Back to Ceph

BlueFS Spillover Cleaner

doc/rados/bluestore/bluefs-spillover-cleaner.rst

21.3.02.8 KB
Original Source

========================= BlueFS Spillover Cleaner

Overview

BlueFS may place files on the slow device when the DB device runs out of free space. This condition is known as spillover.

The BlueFS Spillover Cleaner is a background component that periodically scans for spillover files and attempts to migrate them back to the DB device when sufficient space becomes available.

Spillover is most commonly observed when the DB device becomes full, for example large RocksDB compactions after OSD crashes, upgrades that change RocksDB behavior.

The cleaner is disabled by default.

Operation

The cleaner operates in two phases:

Active Phase:

  • Scan for files located on the slow device.
  • Migrate those files back to the DB device.
  • While migration is in progress, the cleaner throttles itself according to :confval:bluefs_spillover_cleaner_work_ratio to reduce interference with foreground IO.

Idle Phase:

  • Entered when no spillover files are found
  • When no spillover files remain, the cleaner enters a longer sleep period controlled by :confval:bluefs_spillover_idle_time before performing the next scan.

Configuration

Enable cleaner

.. confval:: bluefs_spillover_cleaner

Idle Time

.. confval:: bluefs_spillover_idle_time

Work ratio

.. confval:: bluefs_spillover_cleaner_work_ratio

Higher values make migration more aggressive, while lower values reduce resource consumption.

Migration behavior

Files are migrated incrementally rather than moving an entire file at once. This helps limit memory consumption and reduce latency spikes.

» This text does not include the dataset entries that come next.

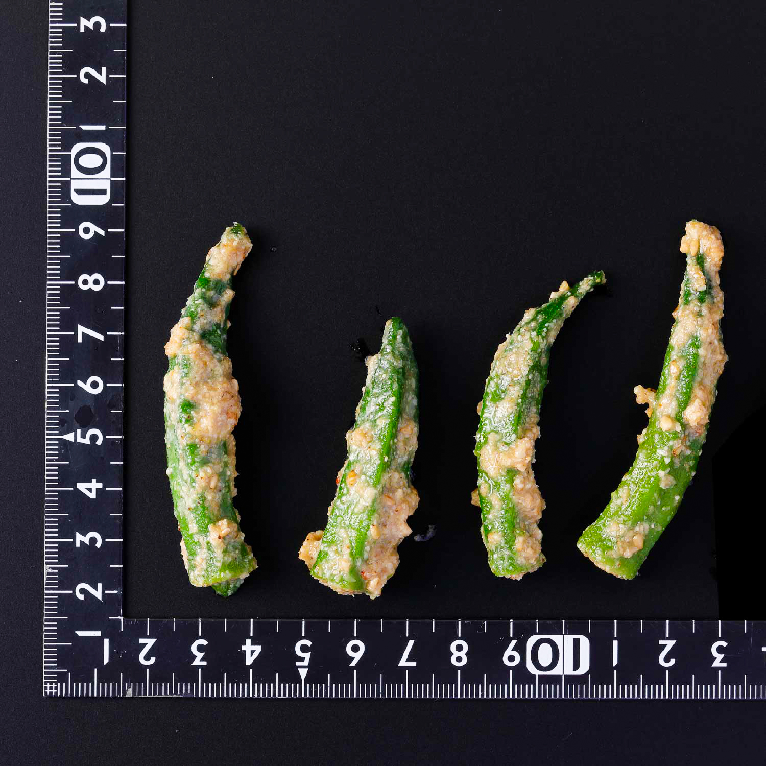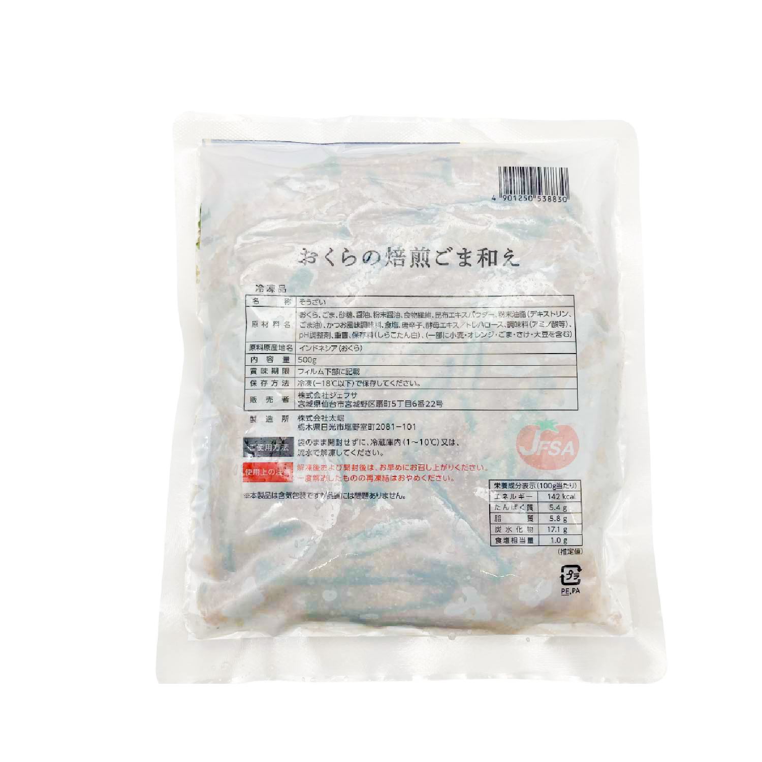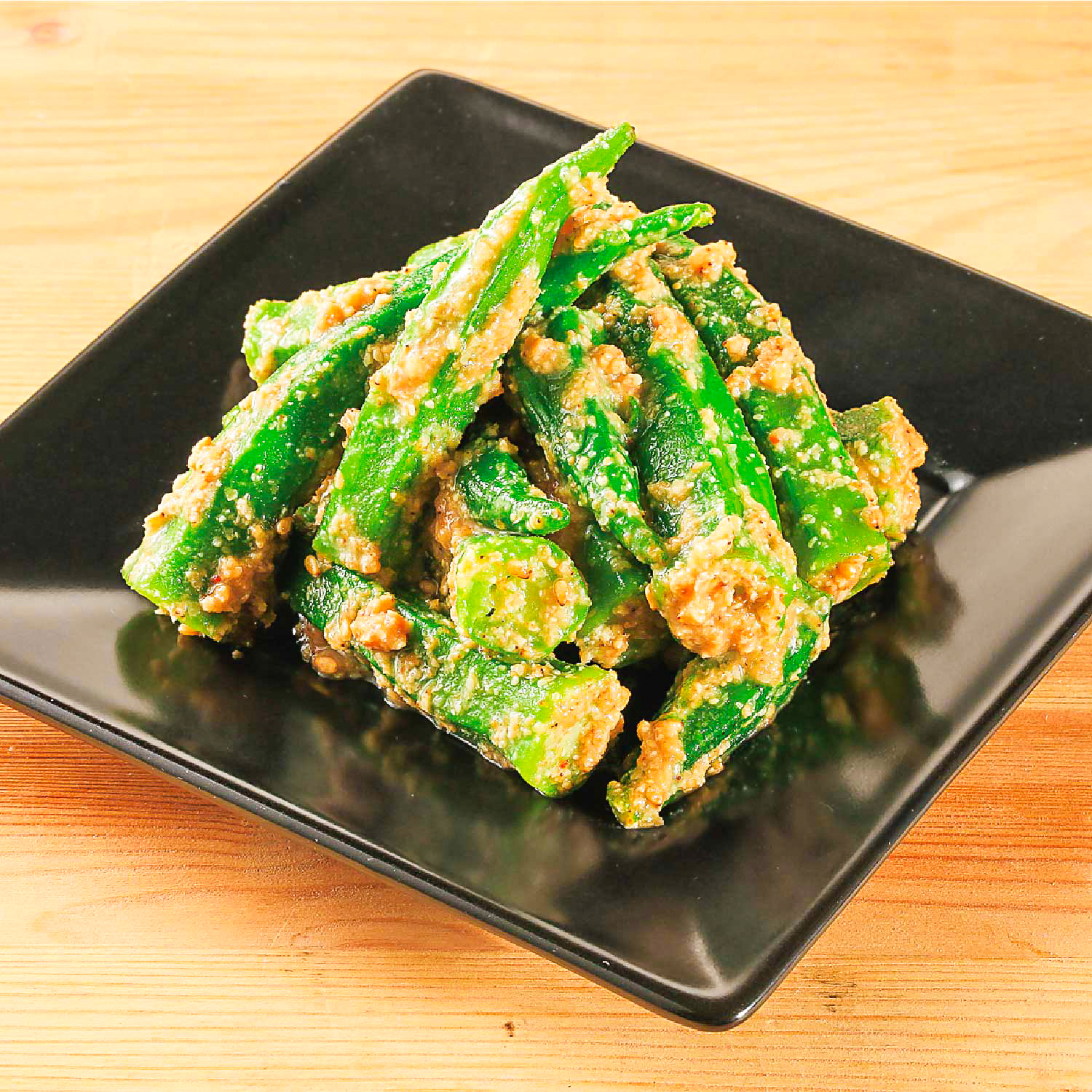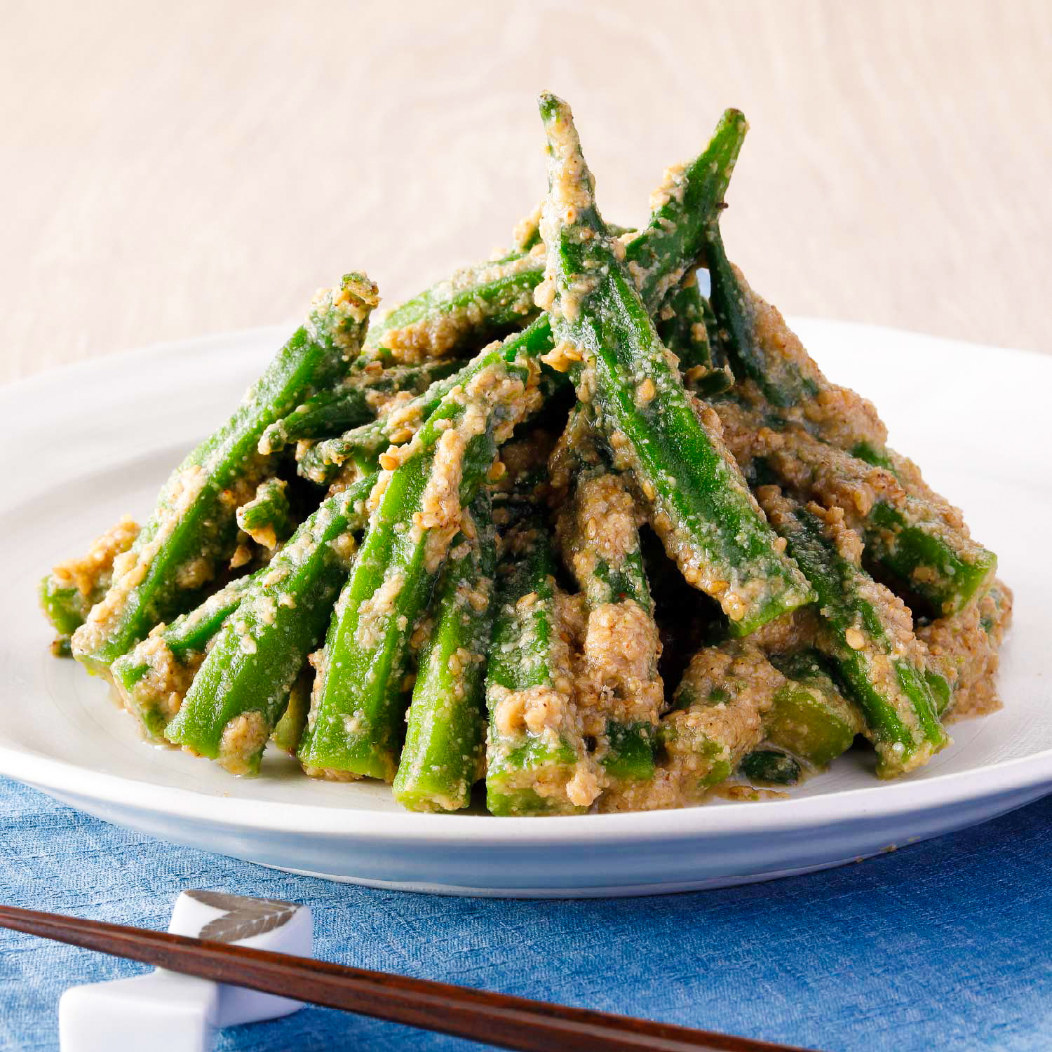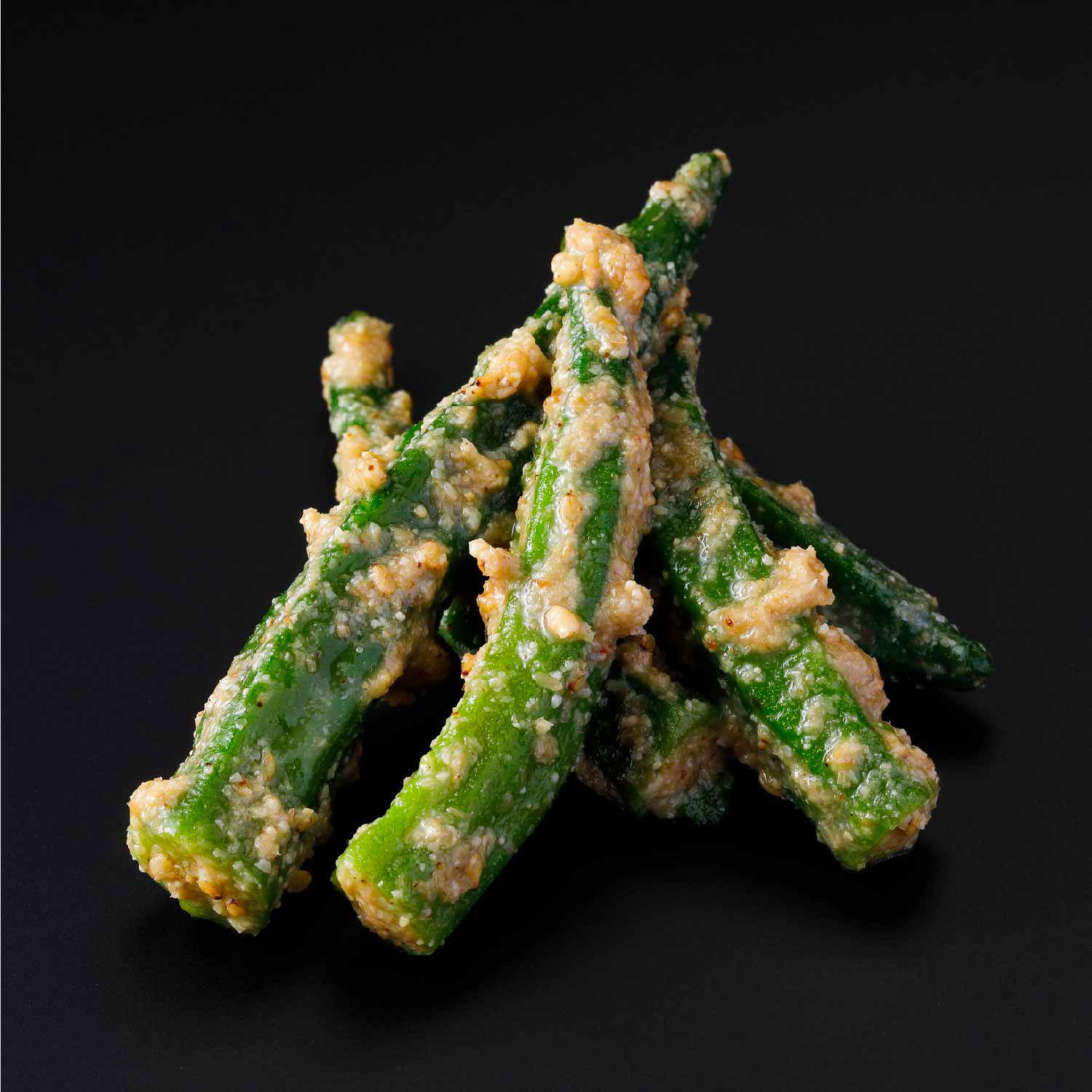 特長 一本物のおくらにかつおと昆布のだしで下味をつけ、焙煎した胡麻の香り豊かに仕上げました。
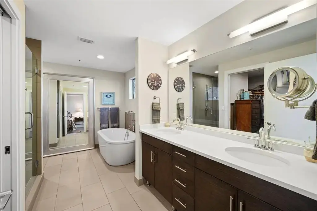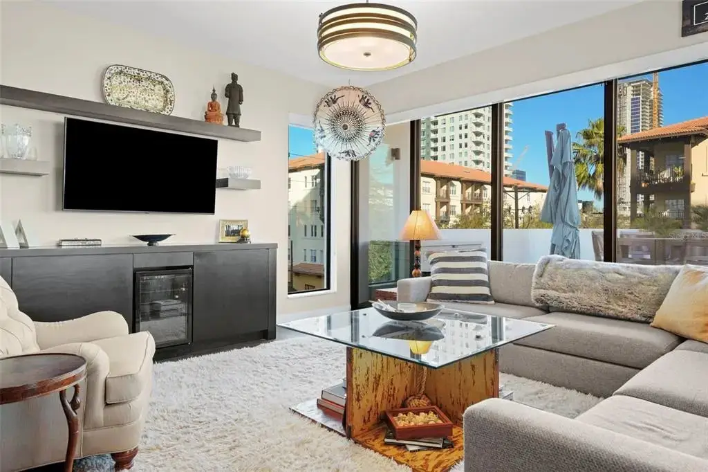 Floor-to-ceiling windows overlooking downtown and Tampa Bay
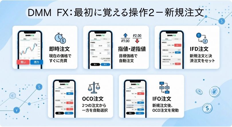 - 新規注文は、即時注文・指値/逆指値・IFD/OCO/IFOがクイックガイドに整理されている (DMM FX)

Migration is attempted only when sufficient free space exists on the DB device.

Admin Commands

Display spillover cleaner status:

.. prompt:: bash #

ceph tell osd.N bluefs spillover cleaner stats

Example output:

.. code-block::

{ "Files Migrated": [ ... "db.wal/000052.log size=0x24cd21 migrated=0x1200000 from dev=2->1 ts=2026-06-02T12:44:25.488250+0000", "db.wal/000053.log size=0x3696ad migrated=0x1200000 from dev=2->1 ts=2026-06-02T12:44:25.833014+0000", "db.wal/000054.log size=0x1571f61 migrated=0x2400000 from dev=2->1 ts=2026-06-02T12:44:26.134245+0000", "db.wal/000055.log size=0x1b2b508 migrated=0x2400000 from dev=2->1 ts=2026-06-02T12:44:26.550633+0000" ], "pending_files": [ "db.wal/000056.log", "db.wal/000057.log", "db.wal/000058.log", "db.wal/000059.log", "db.wal/000060.log", ... ] }

Testing

For testing purposes, allocations can be forced onto the slow device.

.. confval:: bluefs_debug_force_slow

Example:

.. prompt:: bash #

ceph config set osd bluefs_debug_force_slow true

This option is intended only for development and testing.